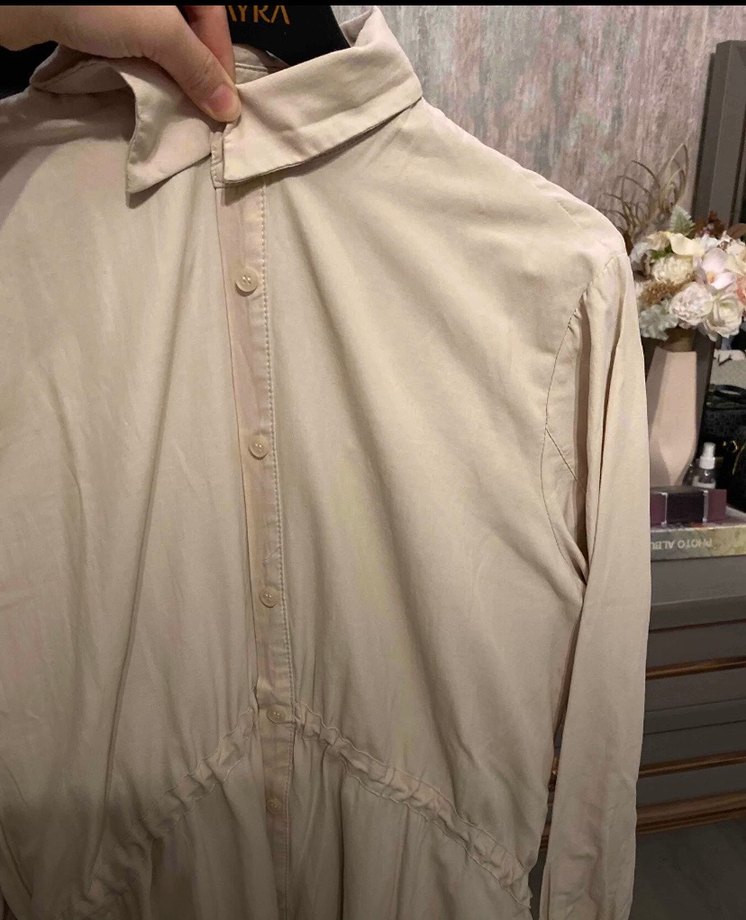 Bej renkli, keten kumaştan uzun kollu ve düğmeli, yakalı uzun kesim kadın elbisesi. Rahat ve salaş kesimiyle Paris tarzı günlük kullanıma uygun. 38,40 beden uyumlu
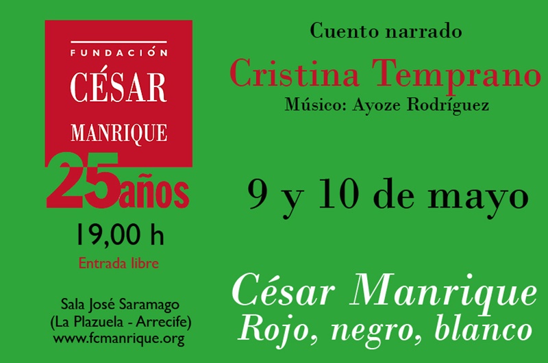 El próximo martes, 9 de mayo, y el miércoles, 10 de mayo, a las 19 horas, en la Sala José Saramago de la Fundación César Manrique (La Plazuela, Arrecife), tendrán lugar dos representaciones del cuento “César Manrique. Rojo, negro, blanco”, abiertas al público familiar (está recomendado para niños y niñas mayores de 7 años) hasta completar aforo. Se trata de un espectáculo de narración con música de piano y clarinete, creado e interpretado por la narradora de historias Cristina Temprano, en cuya puesta en escena participa Ayoze Rodríguez, creador e intérprete de la música.
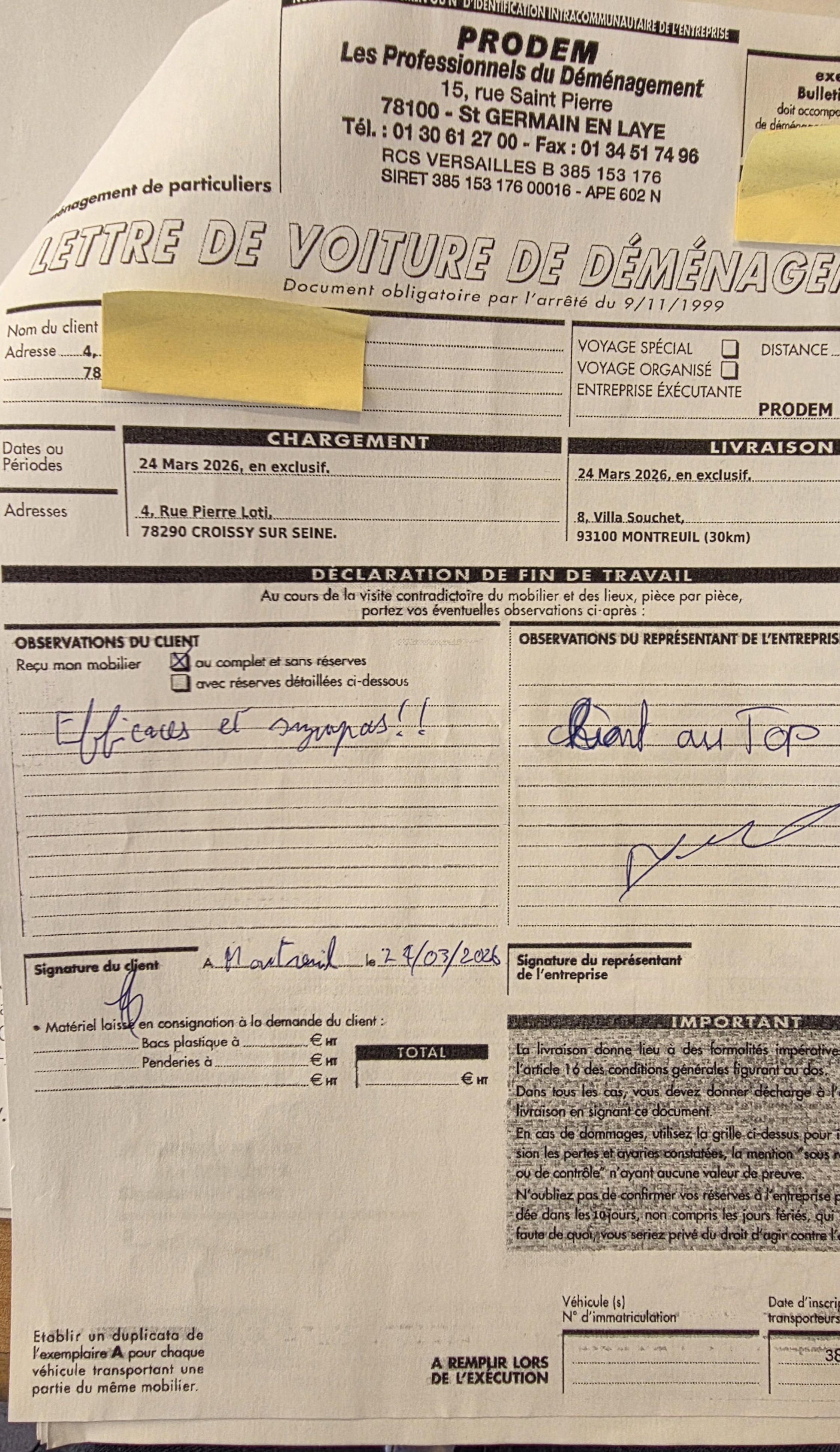 Déménagement Mars 2026, de Croissy sur Seine (78) à Montreuil (93).
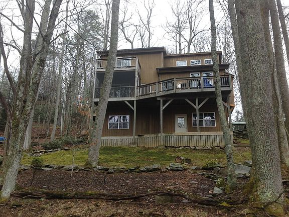 Timberframe custom built home with a garage apartment in gated community. Screened-in porch, multiple decks and outdoor firepit area. Vaulted ceilings in great-room and kitchen with stone fireplace. Detailed accents include custom built rustic cabinets and railings built using rhododenron and mountain laurel branches.

_ _ _

Retype each line of the listing above word for word. Exclude the pictures.

 Bej renkli, keten kumaştan uzun kollu ve düğmeli, yakalı uzun kesim kadın elbisesi. Rahat ve salaş kesimiyle Paris tarzı günlük kullanıma uygun. 38,40 beden uyumlu
 El próximo martes, 9 de mayo, y el miércoles, 10 de mayo, a las 19 horas, en la Sala José Saramago de la Fundación César Manrique (La Plazuela, Arrecife), tendrán lugar dos representaciones del cuento “César Manrique. Rojo, negro, blanco”, abiertas al público familiar (está recomendado para niños y niñas mayores de 7 años) hasta completar aforo. Se trata de un espectáculo de narración con música de piano y clarinete, creado e interpretado por la narradora de historias Cristina Temprano, en cuya puesta en escena participa Ayoze Rodríguez, creador e intérprete de la música.
 Déménagement Mars 2026, de Croissy sur Seine (78) à Montreuil (93).
 Timberframe custom built home with a garage apartment in gated community. Screened-in porch, multiple decks and outdoor firepit area. Vaulted ceilings in great-room and kitchen with stone fireplace. Detailed accents include custom built rustic cabinets and railings built using rhododenron and mountain laurel branches.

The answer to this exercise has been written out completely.